Aborsi Berujung Maut, Pemidanaan Dipertanyakan
Keywords:
Criminal Liability, Judicial Considerations, Pertanggungjawaban Pidana, Putusan HakimAbstract
Abstrak: Penelitian ini bertujuan untuk mengkaji secara yuridis bentuk pertanggungjawaban pidana terhadap pelaku tindak pidana aborsi yang mengakibatkan hilangnya nyawa, dengan menelaah Putusan Nomor 204/Pid.Sus/2024/PN Makassar sebagai objek kajian. Fokus penelitian diarahkan pada kesesuaian penerapan norma pidana serta pertimbangan hukum hakim berdasarkan asas legalitas, asas kesalahan, dan asas proporsionalitas dalam hukum pidana. Metode penelitian yang digunakan adalah penelitian hukum normatif dengan sifat deskriptif-analitis melalui pendekatan perundang-undangan, pendekatan kasus, dan pendekatan konseptual. Bahan hukum yang digunakan meliputi bahan hukum primer dan sekunder berupa literatur, jurnal ilmiah, serta doktrin hukum pidana. Hasil penelitian menunjukkan bahwa terdakwa dalam Putusan Nomor 204/Pid.Sus/2024/PN Makassar dinyatakan terbukti secara sah dan meyakinkan melakukan tindak pidana aborsi yang mengakibatkan kematian dan dijatuhi pidana penjara selama 5 (lima) tahun. Penjatuhan pidana tersebut didasarkan pada terpenuhinya unsur perbuatan melawan hukum, kesalahan, kemampuan bertanggung jawab, serta tidak adanya alasan pemaaf, dengan mempertimbangkan alat bukti yang sah dan fakta persidangan. Penelitian ini menyimpulkan bahwa putusan hakim telah mencerminkan kepastian hukum dan keadilan substantif, namun tetap diperlukan konsistensi penerapan norma agar pemidanaan tidak hanya bersifat formal, tetapi juga berorientasi pada perlindungan hak hidup.

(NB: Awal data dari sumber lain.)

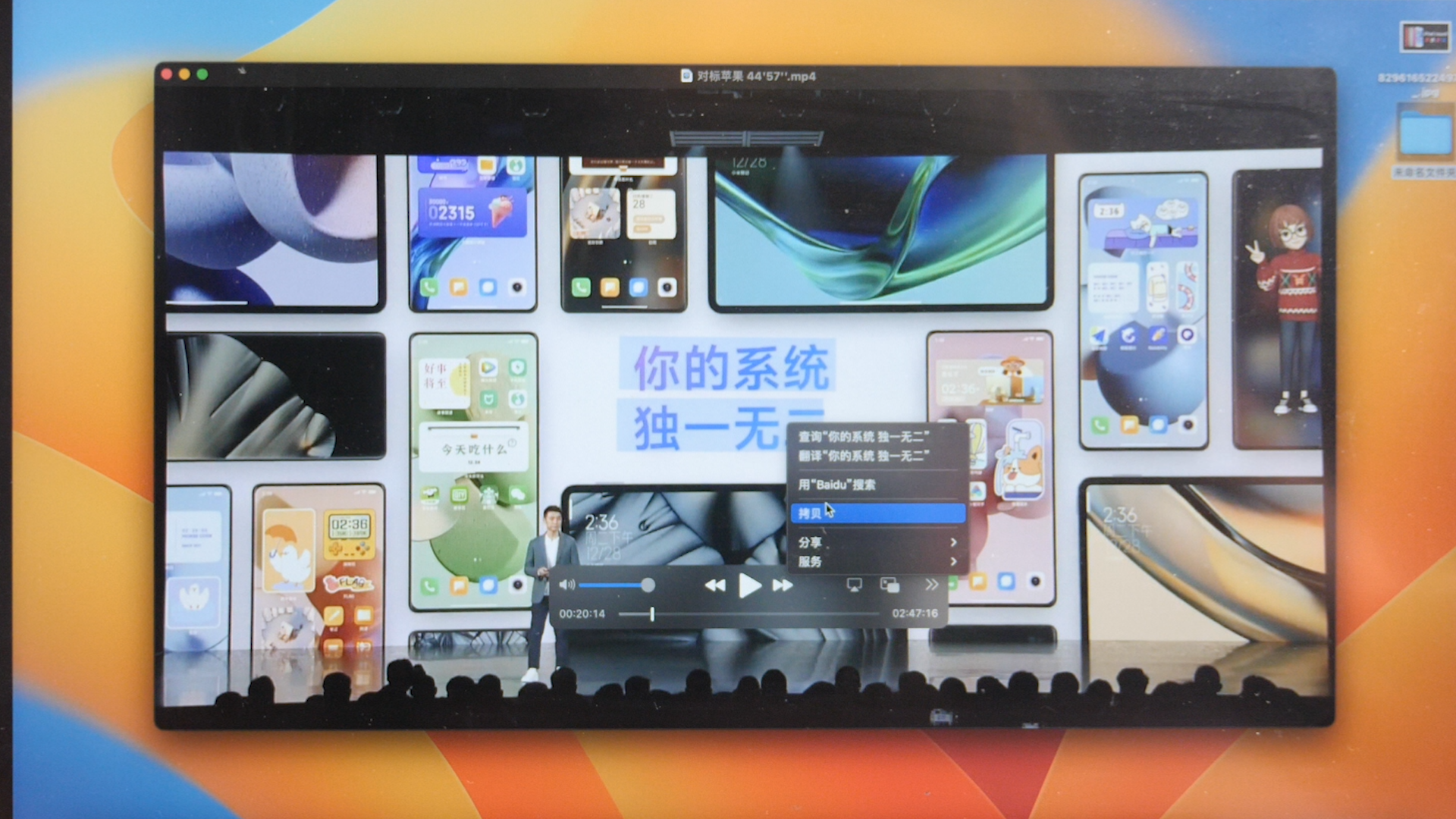 过去不论是iPhone、iPad还是Mac上,都可以对图片中的文字进行提取、复制、粘贴,而升级后的“实况文本”,支持了对于视频中的文字,在暂停时框选复制,从体验来看,比较适合上网课的同学使用。

Abstract: This study aims to conduct a juridical analysis of criminal liability imposed on perpetrators of abortion resulting in death by examining Decision Number 204/Pid.Sus/2024/PN Makassar as the object of analysis. The research focuses on the conformity of the application of criminal law provisions and the judicial considerations based on the principles of legality, culpability, and proportionality in criminal law. This study employs normative legal research with a descriptive-analytical approach, utilizing statutory, case, and conceptual approaches. The legal materials consist of primary and secondary sources, including statutory regulations, legal literature, scholarly journals, and doctrines in criminal law. The results indicate that the defendant in Decision Number 204/Pid.Sus/2024/PN Makassar was lawfully and convincingly proven to have committed the criminal offense of abortion resulting in death and was sentenced to five years of imprisonment. The imposition of the sentence was based on the fulfillment of the elements of unlawful conduct, culpability, criminal responsibility, and the absence of exculpatory grounds, taking into account valid evidence and facts revealed during the trial. This study concludes that the judicial decision reflects legal certainty and substantive justice; however, consistent application of legal norms remains necessary to ensure that sentencing is not merely formalistic but also oriented toward the protection of the right to life.